And yeah, the part I _didn 't_ like was how unrealistic the technology was --
specifically the gap between "new" AIs and what came before, which despite the
email reading and transcription, was basically today's Siri or Google Now.

It also bugged me that there were AIs before we had VR glasses or even
headsets. The lack of VR implied to me that this movie again was about now,
not the future. We aren't used to VR yet ourselves, and the movie was much
more about humans as humans than as augmented humans -- or AIs with virtual
bodies.

Don't get me started with how sometimes music would play over the sounds in
the world and the only way this would happen with an AI is if you wore noise
cancelling headphones 24/7 with the AI's ability to then alert you to real-
world sound you're not paying attention to...

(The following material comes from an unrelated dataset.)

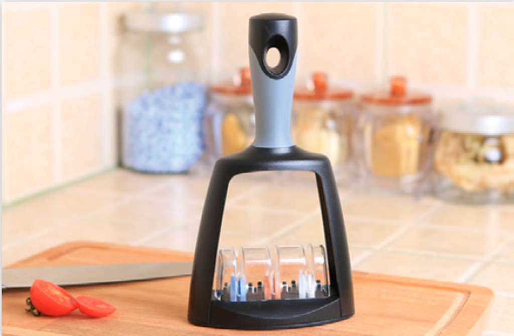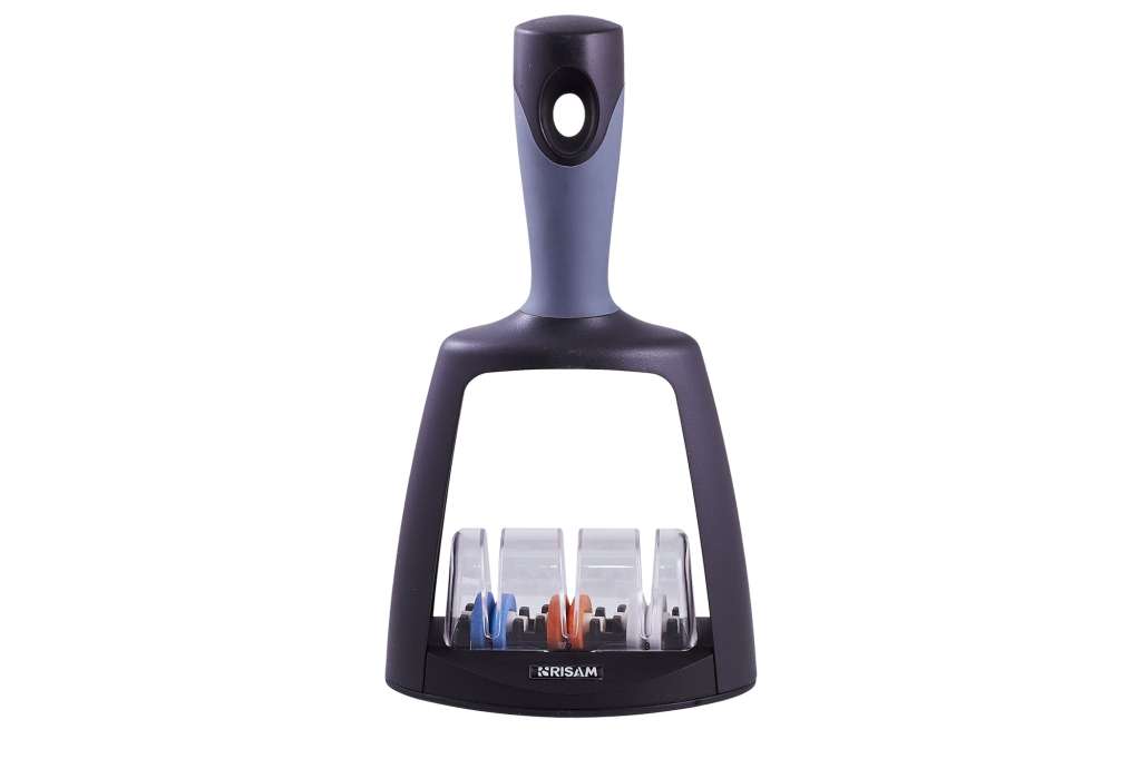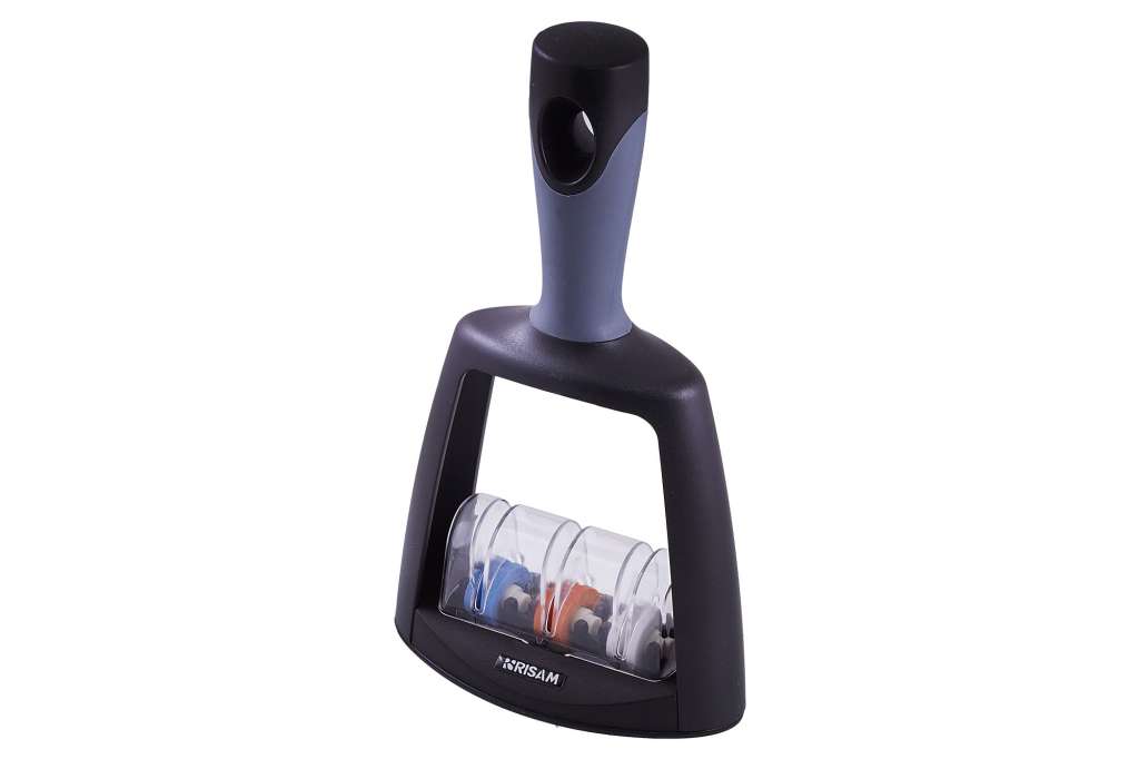 RM 007 – отличный вариант ножевой точилки для бытового использования, в которой сочетается простота использования, несложность конструкции и компактность. При этом в ее корпус заключено несколько абразивных элементов, позволяющих работать с клинками кухонных ножей, находящихся на различных стадиях затупления.

But it was fun. I'll watch it again once it's out of theatres. Probably more
than once.

------
w-ll
OT: But if you get a chance, watch [1] Black Mirror. There is 2 seasons of 3
episodes. _skip the first episode maybe? but I liked it because_ that* could
happen tomorrow. Where as the other shorts are in a somewhat see-able future.

I feel like Spike Jonze was inspired by a few of the episodes. _Her_ was still
an amazing movie.

1\.
[http://www.imdb.com/title/tt2085059/](http://www.imdb.com/title/tt2085059/)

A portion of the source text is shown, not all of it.